Еще не были сказаны!

Балашов совсем было уже решился поговорить с Трофимычем, предотвратить то, чего все в глубине души ждали и опасались, но опоздал.

В обеденный перерыв, когда бригада сидела за столом и Гернот вместе с другими с аппетитом уплетал поджаренную на буржуйке любительскую колбасу, Трофимыч громко сказал такие слова:

— Вот ты сидишь за нашим столом, ешь с нами, а я три года сидел в вашем концлагере. Меня там много били. Может, твой отец бил.

И поглядел на Гернота непримиримыми глазами.

Немец медленно положил на стол бутерброд.

Он страшно, до синевы, побледнел.

Тишина была нестерпимой.

Балашов стал медленно подниматься. Он чувствовал, всем своим существом ощущал, что в эту тяжкую минуту надо, обязательно надо сказать какие-то особые, веские слова, чтобы несправедливость была уничтожена, чтоб от нее не осталось и следа, а снова настали бы в прорабке мир и душевный покой.

Но он не успел ничего сказать.

Заговорил Гернот. Он говорил очень тихо, медленно, с трудом подбирая слова:

— Моего отца... отца били вместе с вами. Фашисты. Это были не немцы. Die Tieren. Они... Они были не люди. Фашисты. Отец... Отец лагерь семь лет. Сорок пятом пришел домой. Сильно болел. Жил три года... потом умер.

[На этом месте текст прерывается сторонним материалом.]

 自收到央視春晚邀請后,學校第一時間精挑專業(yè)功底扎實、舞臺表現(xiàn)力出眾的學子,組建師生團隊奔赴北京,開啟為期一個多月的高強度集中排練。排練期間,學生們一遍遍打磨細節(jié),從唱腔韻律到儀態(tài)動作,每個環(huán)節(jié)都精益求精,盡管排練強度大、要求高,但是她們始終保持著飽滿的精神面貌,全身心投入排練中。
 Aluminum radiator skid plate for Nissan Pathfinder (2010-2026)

Трофимыч вскочил. Он не знал, куда деваться. Он, как слепой, натыкался на стены, на скамейки. Лицо его было перекошено. Он шагнул в дверь, но тут же вернулся, провел рукой по глазам. Рука здорово дрожала.

— Прости меня, малец, — только и сказал он. — И вы, братцы, простите старого дурака.

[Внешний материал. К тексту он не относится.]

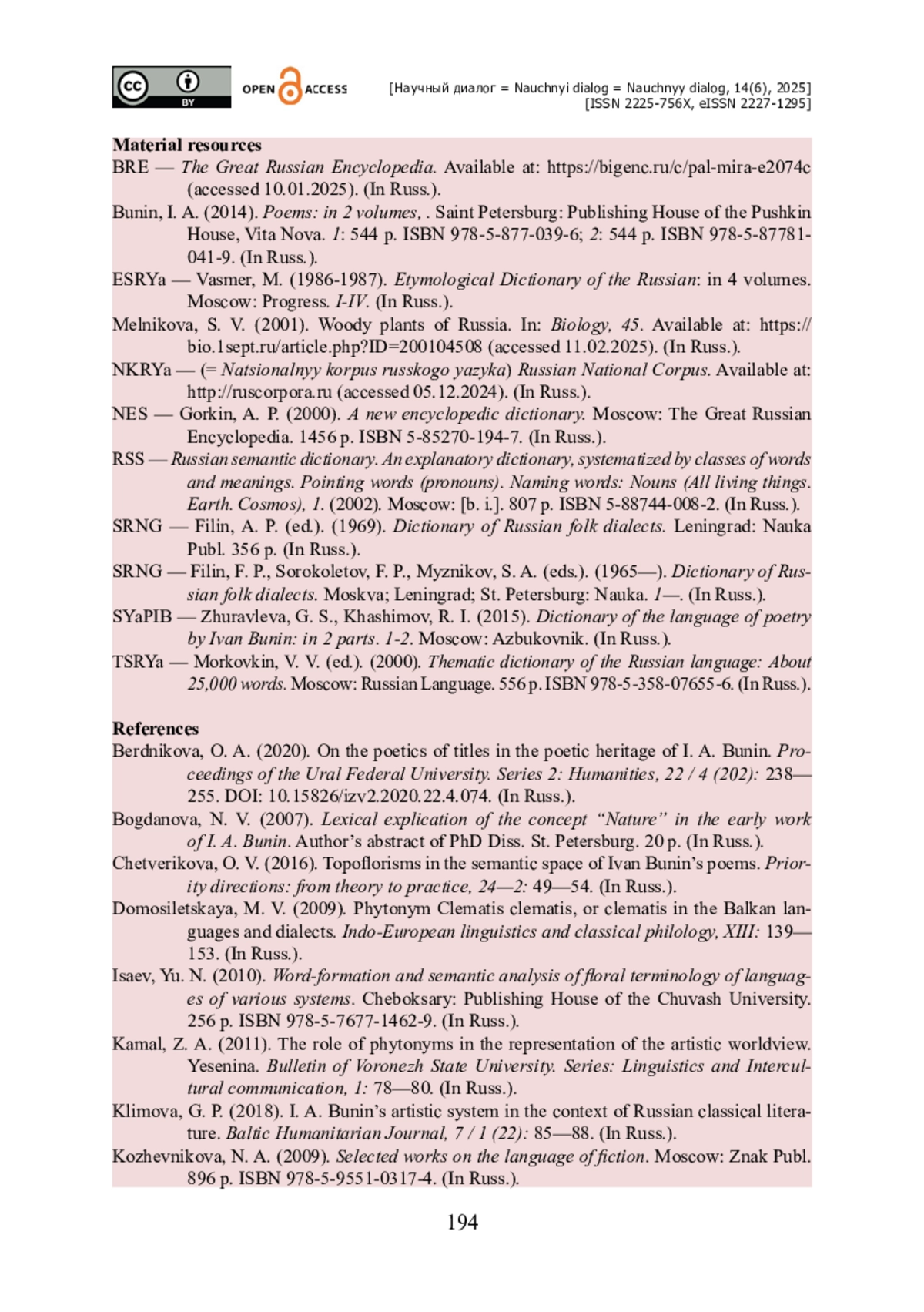 1. Бердникова О. А. К вопросу о поэтике заглавий в стихотворном наследии И. А. Бунина. / О. А. Бердникова // Известия Уральского федерального университета. Серия 2 : Гуманитарные науки. - 2020. - Т. 22. - № 4 (202). - С. 238-255. - https://doi.org/10.15826/izv2.2020.22.4.074.
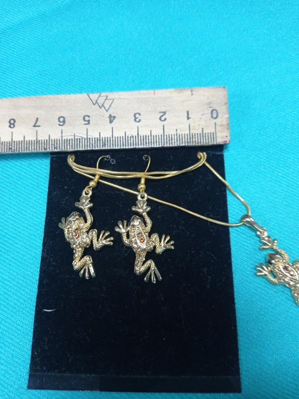 підвіска жовтий метал..з камінцями..жабки..чорні очі..коричневі камінці.. сережки в комплекті.
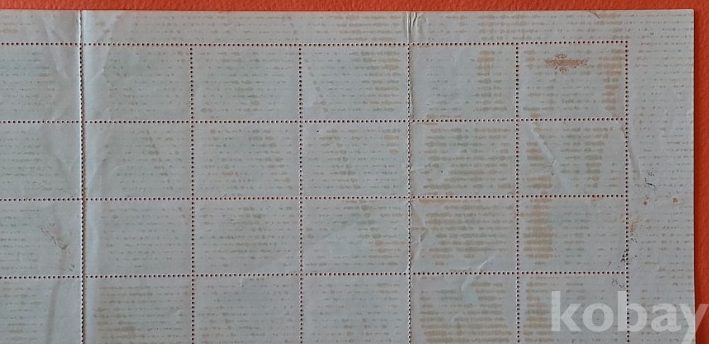 우변 변지부 찢김, 우상 변지부 천공터짐, 세로 반접힘, 풀자국 선명, 군데군데 구김 등 상태는 좋지 못합니다.

И он ушел. Совсем ушел домой. Как был, не переодеваясь, в замасленном рабочем комбинезоне.

Он шел сгорбившись, а вся бригада молча глядела ему вслед.

И Саньке казалось, будто прошлое вырвалось внезапно из небытия, явилось, показало свое отвратительно-мертвенное лицо и теперь медленно удаляется вместе с Трофимычем, пригибая его плечи тяжелой рукой к земле.

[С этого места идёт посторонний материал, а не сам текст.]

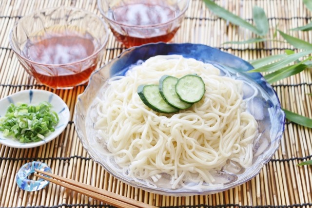 素麵是以小麥粉為原料的麵條,粗度在直徑1.3mm以下的乾麵。用青竹把水和素麵流出來,然後用筷子接住,蘸醬吃掉的”流水素麵”已經成為了夏季的風俗。
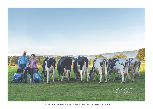 Zurzeit stehen auf dem Betireb der Familie Knüsel drei Kühe, welche bereits über 130`000 kg Milch in ihrem Leben erbracht haben, weitere drei haben bereits die 94`000 kg Grenze überschritten. Doch an einer dieser Kühe, ist noch etwas Weiteres als ihre Lebensleistung ganz besonders. Die Kuh Bernina hat nämlich nicht nur eine Lebensleistung von aktuell 140`644 kg Milch, sondern auch sechs aufeinanderfolgende Nachkommen welche in Knüsel`s Stall stehen. Neben ihrer unglaublich hohen Lebensleistung, welche zurzeit pro Lebenstag 28 kg Milch beträgt, gewann Bernina als Erstmelkkuh an der Zuger Open Expo 2006 den Schöneutertitel und wurde 2007 zum 30. Jubiläum des Holsteinzuchtvereins Zug zum Champion erkoren, während dem ihre Tochter Brishil an derselben Schau den Schöneutertitel gewann. Brishil konnte ebenfalls zweimal an der Zuger Open Expo einen Schöneutertitel gewinnen. Sie hat von ihrer Mutter auch das Talent geerbt viel Milch zu produzieren, so hat sie bis heute bereits 111`422 kg Milch mit einer stets sehr niedrigen Zellzahl erbracht.
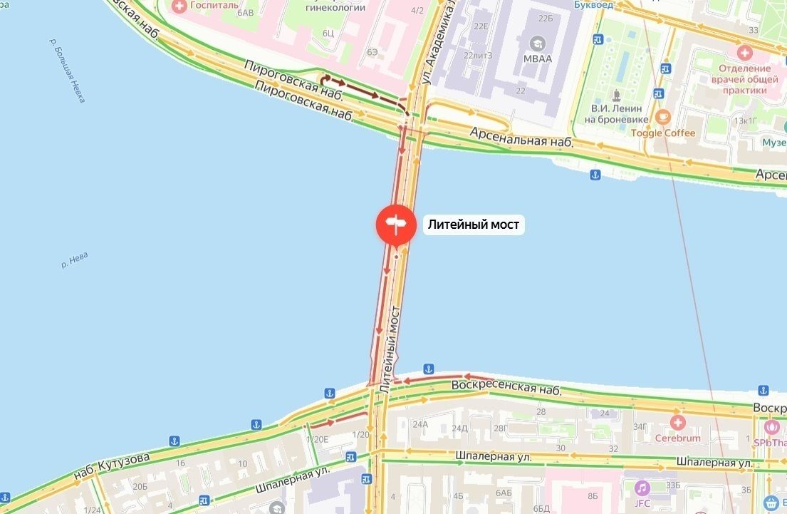Вечером в среду в Петербурге перекрыли Литейный мост. По данным «Яндекс Карт», движение по переправе не осуществляется. Водители пишут в соцсетях, что перекрытие организовано сотрудниками ДПС, сообщает Piter.TV.

После этой истории Гернот будто породнился с бригадой, и Балашов перестал о нем беспокоиться.

Один дублер был при деле.

Учился он и работал основательно и упрямо, и Санька, глядя на него, со стыдом думал, что будь он, Балашов, в свое время таким, как Гернот, не пришлось бы ему так часто краснеть в первые месяцы работы.

Монгол Циндаеш оказался поэтом. Да еще, как выяснилось, влюбленным поэтом. А может быть, и стихи стал писать, потому что влюбился, дело темное, об этом Циндаеш помалкивал. И Саньке оставалось только гадать об этом, потому что когда-то и сам он был грешен и тоже по тому же самому извечному поводу.

Маленький, круглый, похожий на располневшего мальчишку, Циндаеш целыми днями просиживал в прорабке, обложившись чертежами. Но, как скоро догадался Балашов, чертежи его не больно-то занимали.

Саньки Циндаеш не стеснялся, считал своим, почти приятелем.

Если Балашов замечал, что дублер сидит, уставясь в пространство потусторонним взором, рассеянно улыбаясь, с заветной тетрадочкой в руках, он только насмешливо хмыкал. А Циндаеш, очнувшись, мило улыбался ему и делал ручкой — привет, мол, или гуляй, не мешай творить. Но зато если в прорабку входил Филимонов, Циндаеш поспешно прятал тетрадку в стол, вперял взор в чертеж и начинал старательно водить смуглым, с обгрызенным ногтем пальцем по переплетениям трубопроводов.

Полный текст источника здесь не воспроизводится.